What you should do.
Keep the pictures out, and restate the listing that follows exactly as written.

[[ Record extracts open ]]

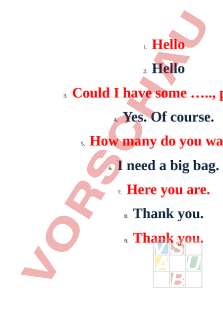 3. 1. Hello 2. Hello Could have some , please? Yes. Of course. 4. 5. How many do you want 6. need big bag. 7. Here you are. 8. Thank you. 9. Thank you. 10. Good bye. 11. Good bye.
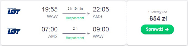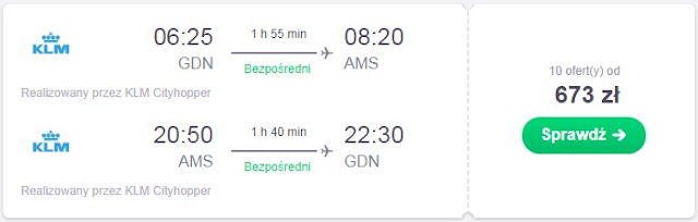 Proponujemy przeloty w obie strony połączeniami bezpośrednimi pomiędzy Polską, a Holandią w dniach 09-11.08. Istnieje możliwość podróży do Amsterdamu z Warszawy za 654 zł REZERWUJ====> oraz z Gdańska za 673 zł REZERWUJ====>
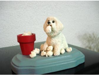 Adorable Sculpture of A Bichon raiding the trash can.
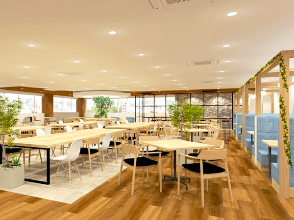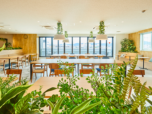 社員食堂では従業員が健康を維持し、イキイキと働けるよう管理栄養士とも連携し、味・栄養はもちろん、嗜好を満たす豊富なメニューを用意しています。またストレスを軽減できるように音楽を流し、緑視率にもこだわり快適なランチタイムを提供しています。
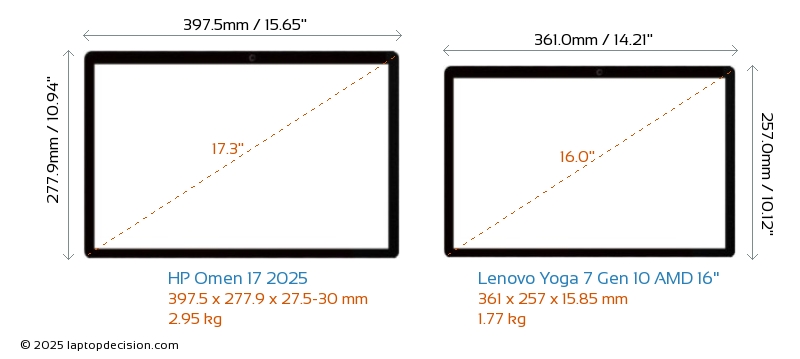 HDMIBoth Omen 17 2025 and Yoga 7 Gen 10 AMD 16" feature an HDMI port. Omen 17 2025 offers 1x HDMI 2.1, while Yoga 7 Gen 10 AMD 16" offers 1x HDMI 1.4.

[[ Record extracts closed ]]

Response to this exercise.
 3. 1. Hello 2. Hello Could have some , please? Yes. Of course. 4. 5. How many do you want 6. need big bag. 7. Here you are. 8. Thank you. 9. Thank you. 10. Good bye. 11. Good bye.
 Proponujemy przeloty w obie strony połączeniami bezpośrednimi pomiędzy Polską, a Holandią w dniach 09-11.08. Istnieje możliwość podróży do Amsterdamu z Warszawy za 654 zł REZERWUJ====> oraz z Gdańska za 673 zł REZERWUJ====>
 Adorable Sculpture of A Bichon raiding the trash can.
 社員食堂では従業員が健康を維持し、イキイキと働けるよう管理栄養士とも連携し、味・栄養はもちろん、嗜好を満たす豊富なメニューを用意しています。またストレスを軽減できるように音楽を流し、緑視率にもこだわり快適なランチタイムを提供しています。
 HDMIBoth Omen 17 2025 and Yoga 7 Gen 10 AMD 16" feature an HDMI port. Omen 17 2025 offers 1x HDMI 2.1, while Yoga 7 Gen 10 AMD 16" offers 1x HDMI 1.4.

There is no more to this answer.